Sorry if I misunderstand, and thanks for reviewing this with me. I don't see how the extra latency on the first request can be linked to the actual site at all?
For example. Web server starts, I request https://google.com to get the numbers. I get total numbers that are about 200 - 300 ms larger since its the first request. Then I check https://microsoft.com. Site is up but the total time I get is 200-300 ms LESS than what I would get, if Microsoft was the first site I checked when the web service started.
Likewise, if first request is Microsoft, second is google, then Microsoft is 200 - 300ms longer than it would be if it were the 2+ request after web server starts.
Based on this, I feel like the extra latency is just the web server prepping for the request, and not caused by the site your checking.

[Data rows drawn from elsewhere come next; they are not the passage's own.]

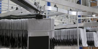 Este nuevo sistema cuenta con una bolsa de plástico que permite un almacenamiento, tanto de prendas como de cajas, que se transportan colgadas hasta la zona de picking dinámico por encima de las estaciones de envasado automático. Además, se puede acceder directamente a las prendas si una orden es cancelada por el sistema de gestión de almacenes.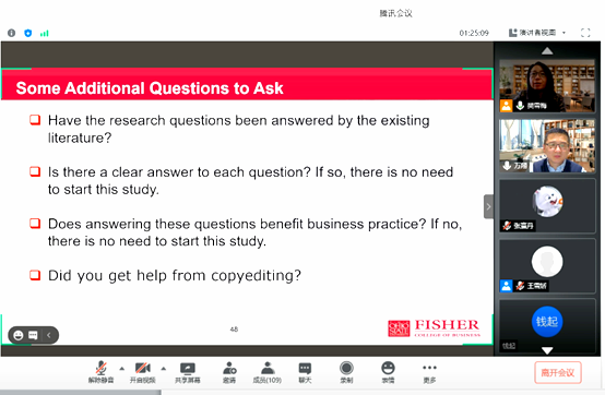 Dr. Wanxiang first introduced the core components of academic writing, inviting the audience to share their opinions on which components are most important. He also shared how different journals focus on different priorities in different steps of the review process. Next, Dr. Wan discussed the theoretical motivations and empirical motivations that define what an interesting topic is with examples from his own research. Finally, Dr. Wan shared some tips on how to publish in international journals and answered questions from the audience.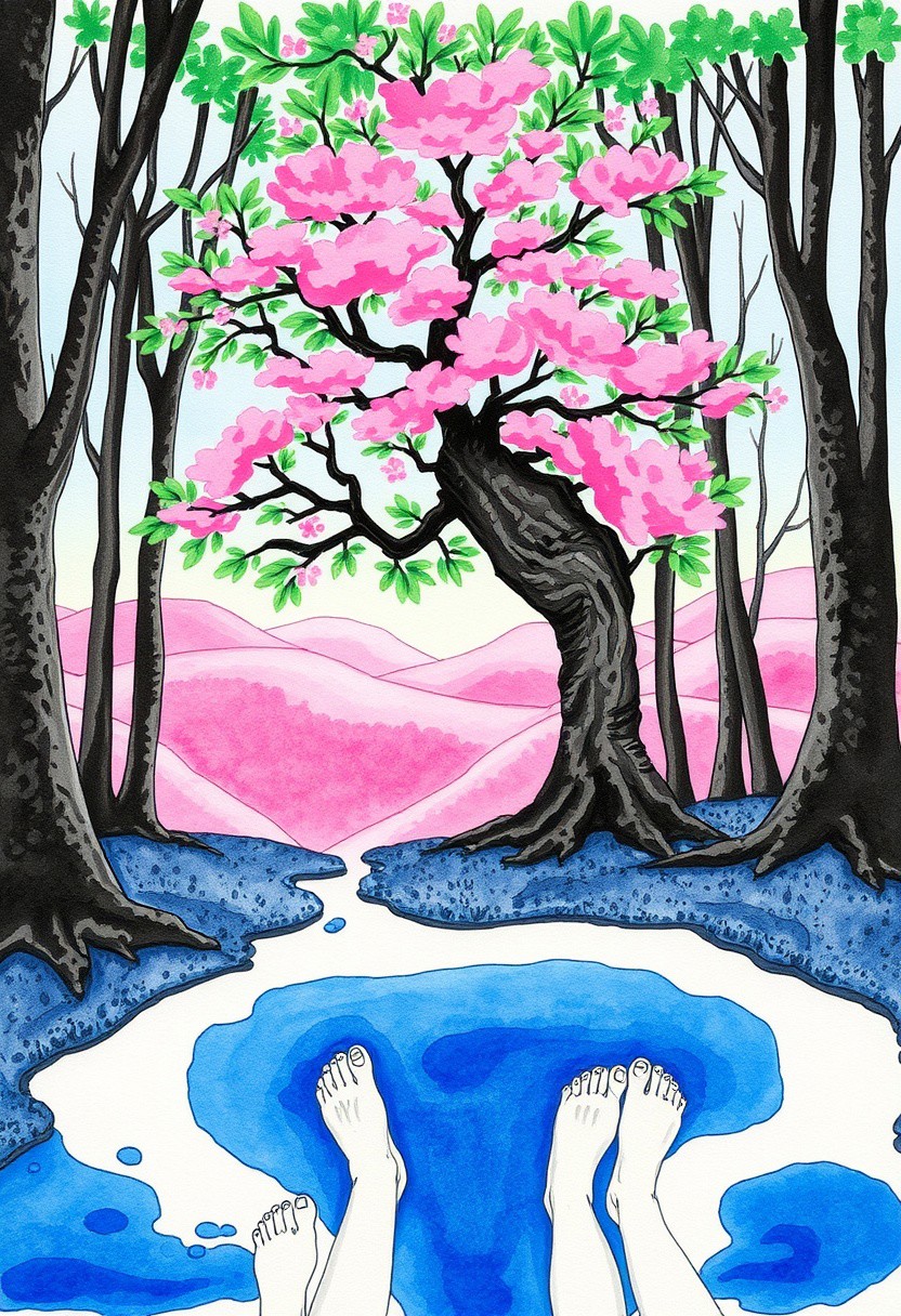 masterpiece, best quality, (realistic:0.35), traditional media, watercolor /(medium/), blue blob, blue puddle, blue oil, multiple feet, blue background, pink theme, outdoors, tree, forest, pink tree, hills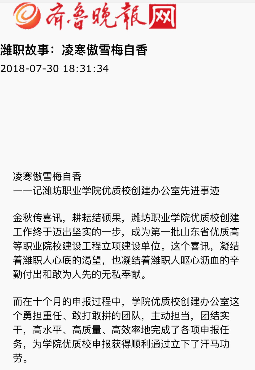 [齐鲁晚报]凌寒傲雪梅自香——记beat365英国官方网站优质校创建办公室先进事迹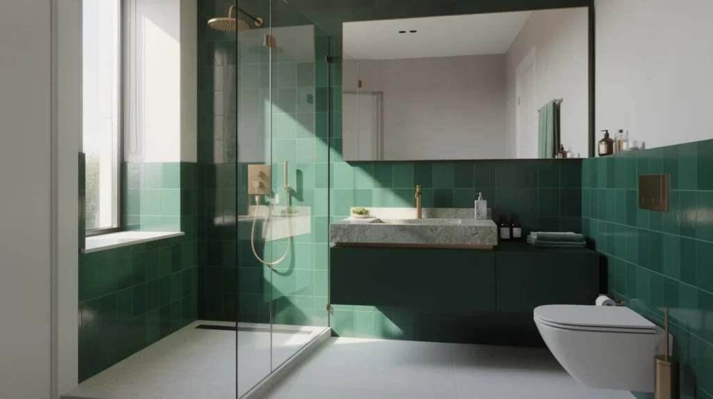Avant d’entamer vos travaux, il est essentiel de comprendre l’engouement pour la salle de bain vert emeraude. Cette couleur, à la fois profonde et lumineuse, s’inspire des pierres précieuses et de la nature luxuriante. Par ailleurs, elle évoque bien-être, fraîcheur et élégance, des qualités recherchées dans une pièce d’eau. D’autre part, le vert émeraude s’adapte aussi bien aux styles contemporains qu’aux ambiances plus classiques.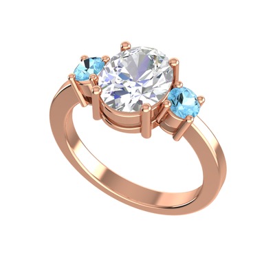 Beyaz zirkon ve akuamarin 8 ayar rose altın yüzük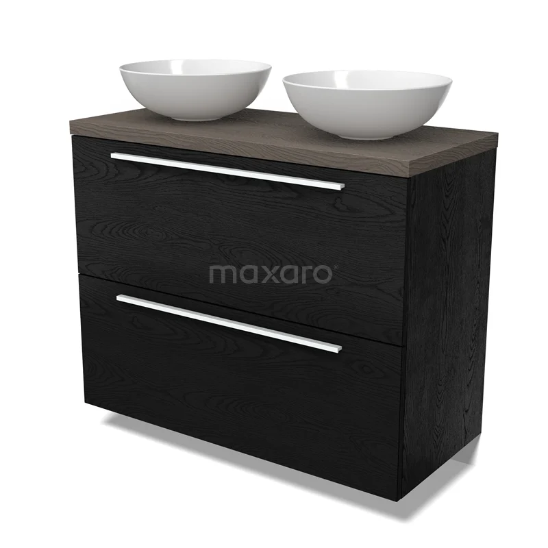 Modulo Plato Badmöbel mit Aufsatzwaschbecken | 100 cm Schwarze Eiche Flach front Dunkelbraune Eiche blatt 2 hohe Schubladen übereinanderliegend

By cache, are you referring to the cert pool above that I posted? My intention is to have this in main() before the web server starts instead of using time from the first request to prep.
Like I said, I am super new at golang, so if I'm missing something just let me know! Appreciate it.
I changed to code to allow system cert to be added at the start (see features/tls_handshake
branch). However I can't see any difference in timing for the first and consequent calls. Furthermore, no noticeable difference before and after the change. As a matter of fact, I am not seeing the huge differences in TLS handshake durations you are observing.
I noticed when InsecureSkipVerify is set to false, only the first request is verified and takes extra time for the TLSHandshake. Every request after is the same regardless of InsecureSkipVerify value.
Are you having the same issue?